A JWT usually carries who you are and what you're allowed to do. When you debug one, you tend to paste the whole token into the first "JWT decoder" search result — and a lot of those sites send that token straight to their own server to decode it. For a throwaway test token that's harmless. For a real access token from staging or production, you've just handed a stranger a working credential.
You don't have to guess which kind of site you're on. Here's how I check.
Why a JWT decoder can be risky
A JWT isn't encrypted — it's signed. The header and payload are just Base64URL-encoded JSON, so anything that can read the token can read every claim inside it: user id, email, roles, expiry, sometimes more. If the token hasn't expired, it's still usable. A decoder that ships your token off to a backend has, for a moment, a valid credential in its logs.
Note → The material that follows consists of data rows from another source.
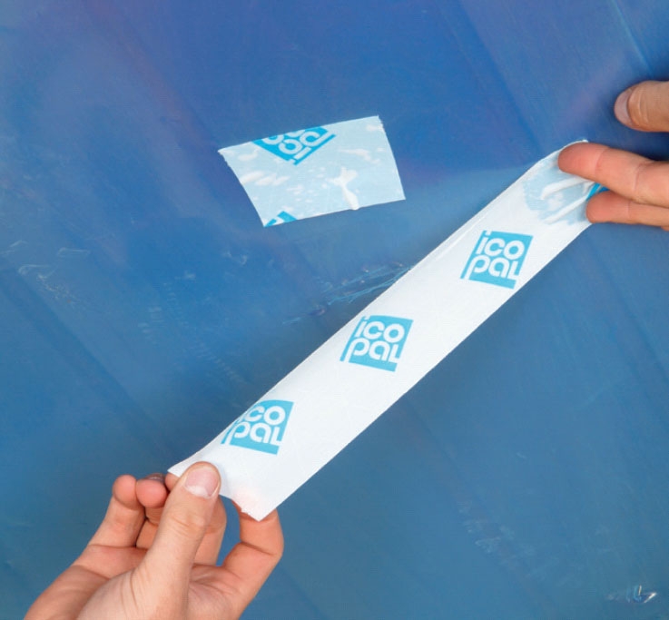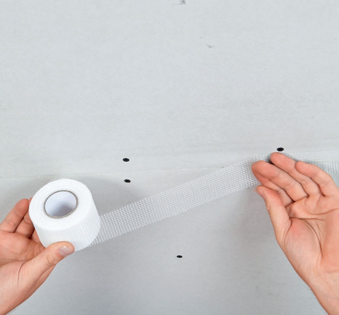Monter armeringstape. Start med de korte kanter. Her er spartelforsænk-ningen dybest, så der er plads til overlappet med tapen for både de korte og lange sider. Bagefter tager du de lange kanter.
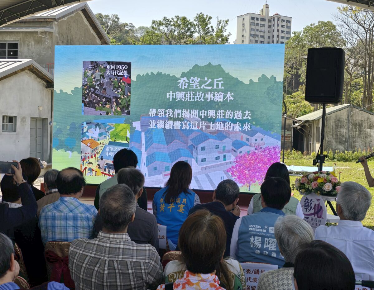 縣長王惠美表示為讓眷村歷史持續傳承,文化局出版中興莊系列原創繪本,分為上下兩冊。《重回1950大時代記憶》以歷史事件為背景,描繪中興莊第一代居民自抗戰時期、青島撤退來臺,到落腳彰化的艱辛歷程;《希望之丘—中興莊》則聚焦眷村日常生活,呈現鄰里互助、家庭凝聚的溫暖故事。透過圖像與文字,將歷史轉化為適合親子共讀的文化讀本。中興莊有故事館、導覽體驗、藝文展覽,以及青創進駐,並串聯八卦山步道,連結回憶、生活與未來,未來也將規劃活動空間供鄉親使用。
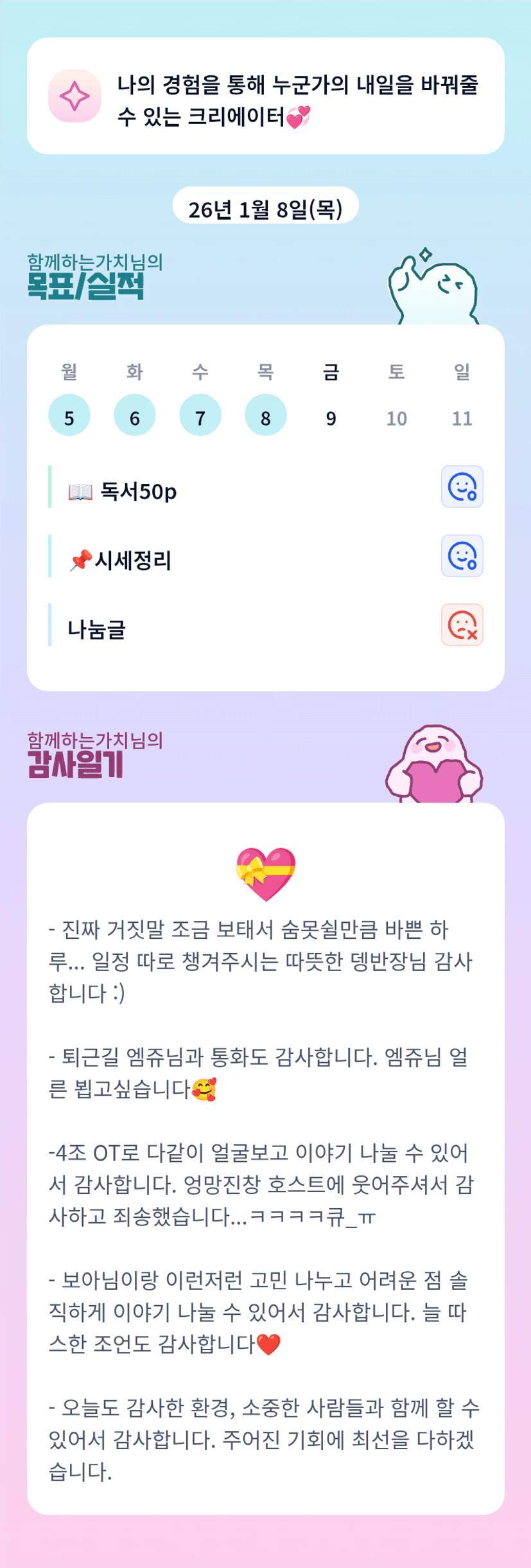 가치님 엄청 바쁜 하루 너무 고생 많으셨어요~~
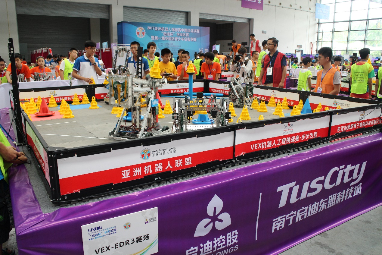 本次比賽有300多支隊伍、近千人齊聚廣西南寧展開賽事角逐,賽事期間將舉辦機器人論壇、機器人賽事、創(chuàng)客競賽,涵蓋3D打印筆、瘋狂投石、拔河機器人等項目。其中,本屆“啟迪杯”華南區(qū)賽VEX EDR機器人工程挑戰(zhàn)賽、VEXIQ挑戰(zhàn)賽以及BDS工程挑戰(zhàn)賽項目的優(yōu)勝隊伍將獲得參加2017亞洲機器人錦標賽中國區(qū)選拔賽的資格。
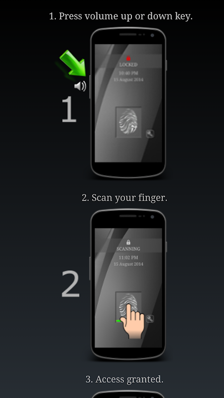 1. Press volume key and touch the fingerprint pad (you will be granted access to the app list).
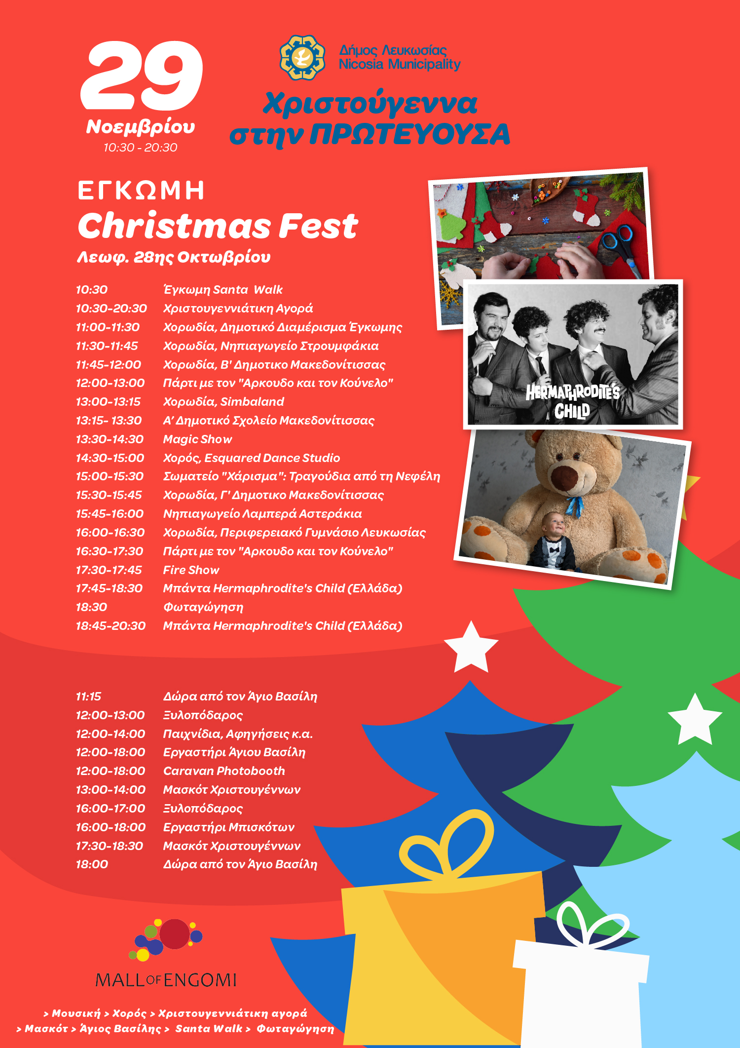 Ο Δήμος Λευκωσίας, σε συνεργασία με το Mall of Engomi, διοργανώνει και φέτος το «Engomi Christmas Fest», μία από τις πιο αγαπημένες χριστουγεννιάτικες εκδηλώσεις της πόλης.
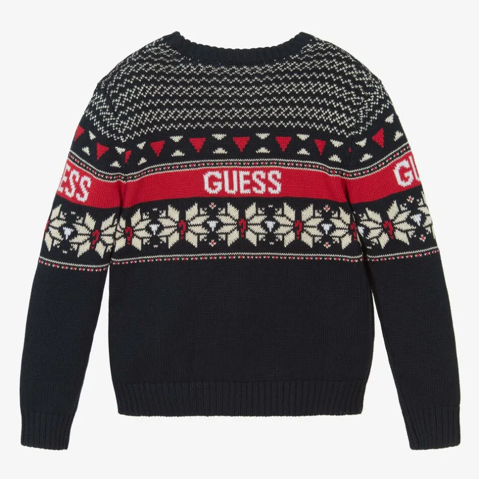 From Guess for younger boys, a lovely navy blue jumper. Knitted in soft cotton, it has a Fair Isle-style pattern which includes the brand's Triangle logo and name for brand recognition. This item contains organic cotton fibres.
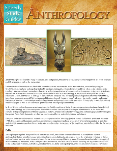 Details: A study guide can be very beneficial for any students taking a class in Anthropology. The best purchase for students interested in this subject area will break down the different classifications and terminology found in this engaging area of study. The main thing to learn when taking an Anthropology class is the importance of having a very well written study guide.
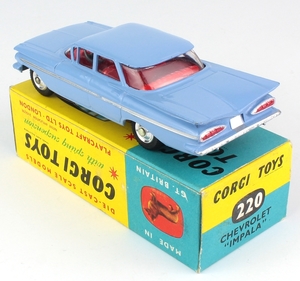 Corgi 220 Chevrolet Impala. Very near mint/boxed. Powder blue issue with red interior, SHAPED SPUN wheels from The Reference Collection.
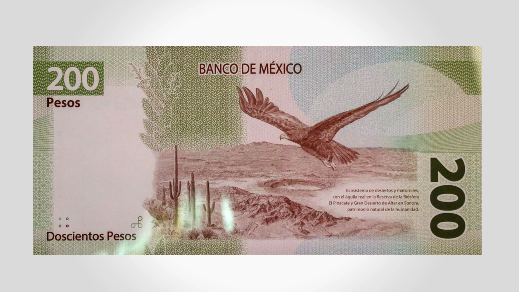 En esa cara, el billete presenta la Reserva de la Biosfera El Pinacate y Gran Desierto de Altar, ubicada en Sonora. Así como un águila real.
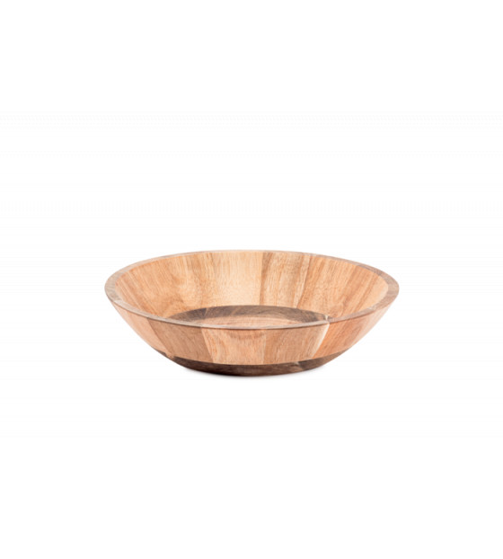 Solid acacia salad bowl for presenting a variety of fruit or vegetable dishes.
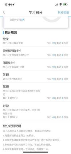 读者可以在移动图书馆APP,通过登录、观看视频、阅读书籍、答题、做笔记、讨论等方式进行自主学习,获得积分(每日新增积分上限为150分,多次观看或阅读的内容不重复计分)。下图为具体的积分规则:

How to check what a decoder does with your token
Open your browser's dev tools, go to the Network tab, clear it, then paste a token into the decoder. Watch what happens:
- No request fires → the page decoded it in your browser. Safe.
- A request fires with your token in the URL or POST body → it went to their server.
That's the whole test. It takes about ten seconds and it's the only way to know for sure, regardless of what the marketing copy claims.
You can decode the payload yourself
A JWT is three Base64URL chunks joined by dots: header.payload.signature. The first two are just JSON. You can decode either part with any Base64 tool — no special "JWT" service required:
const [header, payload] = token.split(".");
console.log(JSON.parse(atob(payload.replace(/-/g, "+").replace(/_/g, "/"))));
Once you've seen that it's only Base64, the "send it to our server to decode" sites stop making sense. There's nothing on the server that your browser can't do.
Decode it locally instead
This is exactly why ToolsTray JWT decoder runs entirely in the browser — paste a token, read the claims, and nothing leaves the tab. It's the same convenience as the popular sites without the token ever crossing the network.
Before you paste: never share the signing secret
Reading the payload is safe. Verifying the signature is where people leak the thing that actually matters.
Verifying a JWT needs the signing secret or private key. Never paste that into a website — a secret is far more sensitive than a single token. Verify signatures locally, or in code you control.